The federal government has allocated N500 as daily feeding allowance for members of the National Youth Service Corps (NYSC). This was disclosed yesterday by the Director General of the NYSC, Brigadier-General Johnson Bamidele Olawumi.
He made the disclosure at a House of Representatives Committee on Public Petition investigative public hearing on the N4,000 online registration fee imposed on prospective corps members by the corps.
A civil society coalition: ‘Say No Campaign’ had dragged the NYSC before the Uzor Azubike-led House committee in protest against the contentious fees.
While responding to the petition, Brigadier Olawumi, who alluded to the poor welfare of the corp members, disclosed that the federal government approved N500 as feeding allowance for each corp member per day.

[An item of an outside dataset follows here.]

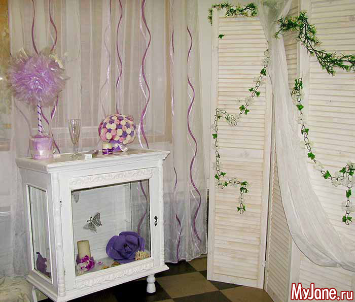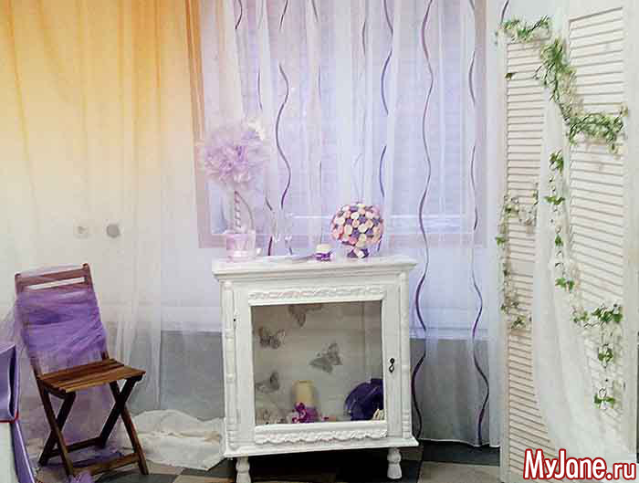 Смываем со стекла следы краски, и можно приступать к декорированию. Вариантов много, можно внутри витрины приклеить обои или бумагу в мелкий цветочек, или сделать декупаж, или, как в нашем случае, приклеить бабочек.

He also disclosed that over N800 million was required to setup the computer registration system the NYSC is presently using for its online registration.
He explained that the fees will service a private sector driven build, operate and transfer agreement. He said the registration equipment will be installed at NYSC offices nationwide.
He said the process was approved by the Bureau of Public Procurement with a certificate of no objection.
While noting that the N4,000 for the online registration is voluntary, he said rather than request for money to install the infrastructure, he would prefer to canvass for increment of the current N19,800 allowance being to prospective Corp member.
In his presentation, Mr. Ezenwa Nwagwu of ‘Say No Campaign’ called for the “reversal of the proposed N4,000 fee payment and where payment has been made, a refund to the prospective Corp members.”
Nwagwu stressed the need to “re-examine the laws establishing the NYSC that seems to have made the Director General of the Corp an exclusive preserve of serving military officers.”
On September 30, federal lawmakers launched an inquest into the controversial N4,000 online registration fee and consequently urged NYSC to suspend the policy.
Hon. Hassan Saleh (Benue/PDP) in lead debates on a motion moved on the matter described the NYSC policy as “insensitive and exploitative”.